(Provided material Opens)

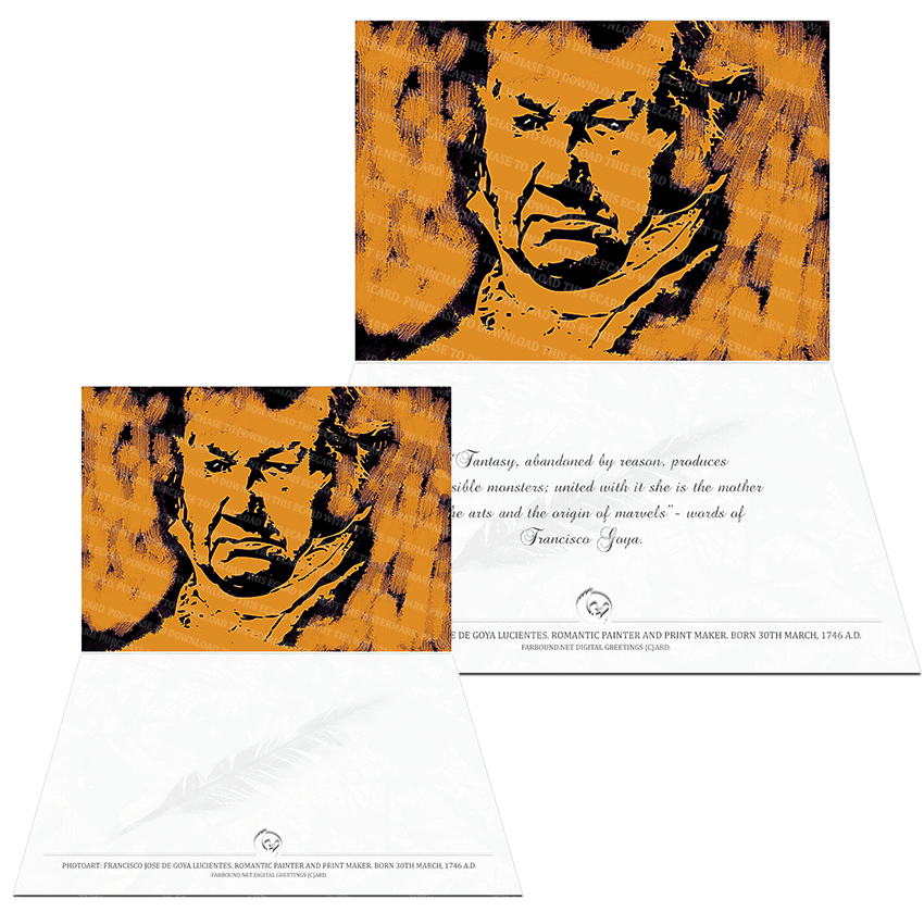 History: This Greetings Card with a Genuine Quotation features a photoart representation of Francisco Jose De Goya Lucientes. Born on the 30th of March in 1746 A.D Francisco Goya was a Spanish Romantic Painter and Print Maker. He is considered to be one of the prominent figures in the art genre of Romanticism.
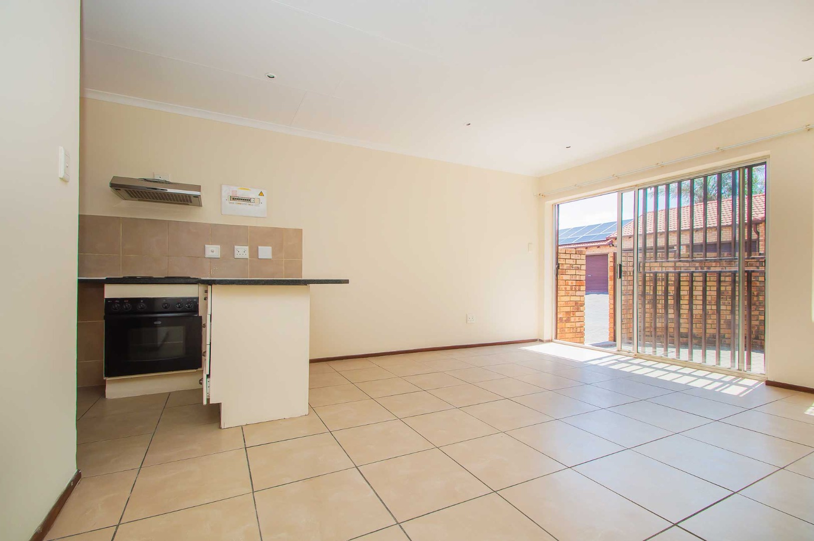 Step inside to discover a spacious open-plan lounge and kitchen area that is ideal for both relaxation and entertaining. The kitchen is a chef’s delight, featuring ample cupboard space to keep everything organized and within easy reach.
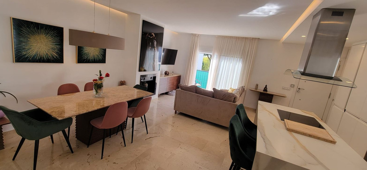 This wonderful and beautifully renovated 2 Bed apartment is located in the exclusive Aloha Golf complex, just 5 minutes from the prestigious and popular Puerto Banús.

(Provided material Closes)

▶ _Task description_
The required response consists solely of the lines from the line containing "Step inside to" through the end of the listing, both ends included, copied exactly without pictures.

▶ _Answer to the problem_
 Step inside to discover a spacious open-plan lounge and kitchen area that is ideal for both relaxation and entertaining. The kitchen is a chef’s delight, featuring ample cupboard space to keep everything organized and within easy reach.
 This wonderful and beautifully renovated 2 Bed apartment is located in the exclusive Aloha Golf complex, just 5 minutes from the prestigious and popular Puerto Banús.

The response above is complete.